Southland and South Otago farmers and businesses invested $1.25 million in the Hub through the Southern Dairy Development Trust, while principal shareholders DairyNZ and AgResearch invested $5 million each.
The Hub, near Invercargill, has been set up into farmlets to run four 200-cow herds. It will address regional issues at scale, by integrating proven and emerging technologies into
farm systems, testing farming practices against each other in a scientifically-robust way, while maintaining a benchmark system for comparison.
DairyNZ senior scientist Dawn Dalley says farmers have helped shape the research that’s underway on the farm.
“We canvassed the industry down here, which included a workshop with farmers and a session at the first SDH field day, where we identified the issues and then sorted them into themes.
“So, it wasn’t a group of scientists who have gone away and come up with the questions. The direction has been driven by regional industry issues,” says Dawn.
The three priority areas identified at the sessions were fodder beet, nutrient loss reduction and wintering.
Current research, which will run for the next three years, is testing different types of crop and management decisions to reduce nitrogen (N) loss and improve profit. Farm systems modelling has been used to determine the types of systems that will be implemented.

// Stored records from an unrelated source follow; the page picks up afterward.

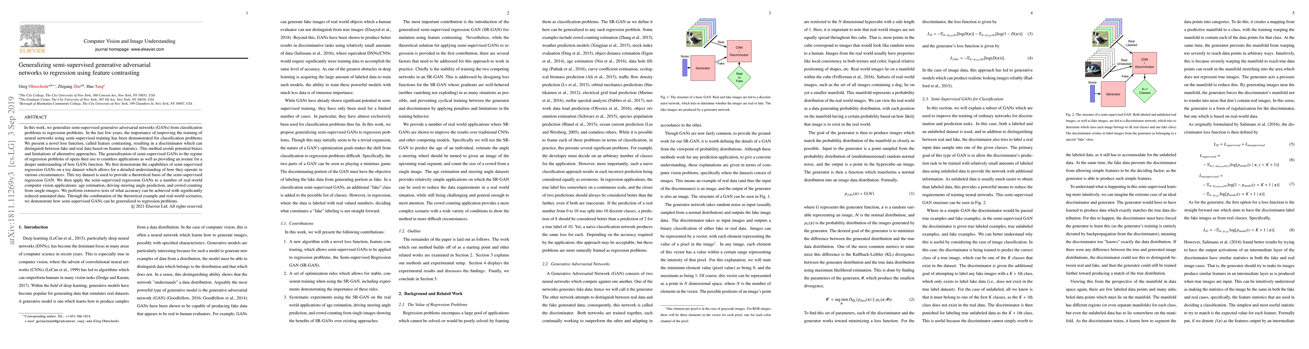 This paper generalizes semi-supervised GANs from classification to regression using a novel feature contrasting loss function, enabling the discriminator to distinguish based on feature statistics. The method is demonstrated on toy and real-world computer vision tasks, showing effective performance with limited annotated data.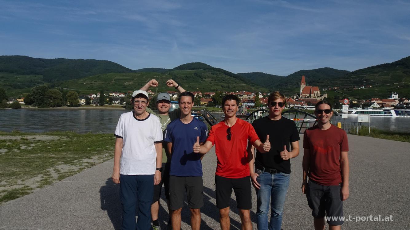 Wir nutzen den Rastplaz neben der Warte für unsere Mittagspause und gehen anschließend nach links hinab. Auf der Forststraße ein gutes Stück dahin, bis wir den Abzweiger nach St. Lorenz erreichen. Hier wandern wir nach links in den Graben hinab und diesen entlang zurück ins Dorf. Neben den Weingärten geht es zum Donauradweg und auf diesem zurück zum Ausgangspunkt.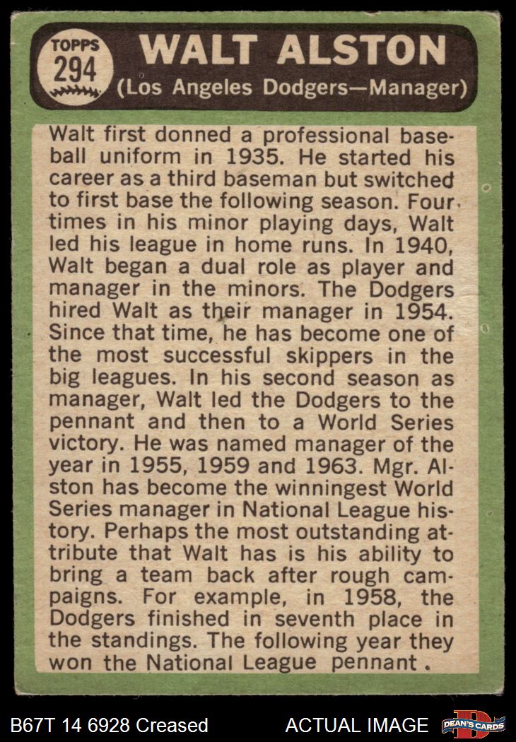 1967 Topps #294 Walter Alston 2.5 - GD+

“We consulted farmers to define the standard kale and fodder beet systems in Southland and then looked at the management changes we needed to reduce the environmental footprint – mainly focusing on nitrate leaching,” says Dawn.
Two of the four farmlets will winter on kale and two on fodder beet, each with differing levels of nitrogen fertiliser and supplementary feed inputs.
Last season, Hub scientists monitored the performance of the cows on four different winter diets. They also regularly recorded reproductive performance, lactation performance, body condition score, mineral levels in the blood and liver regime for the systems comparisons.
Meanwhile, AgResearch scientists led by Ross Monaghan have been investigating options for variable width critical source area buffers along the farm’s waterways. This winter they’ve been measuring the nitrate leaching losses from autumn and winter grazed fodder beet and winter grazed kale.
“Ultimately, we want to provide southern dairy farmers with the confidence to adapt their own farming systems, so they can achieve improved environmental outcomes based on evidence from the Southern Dairy Hub,” says Dawn.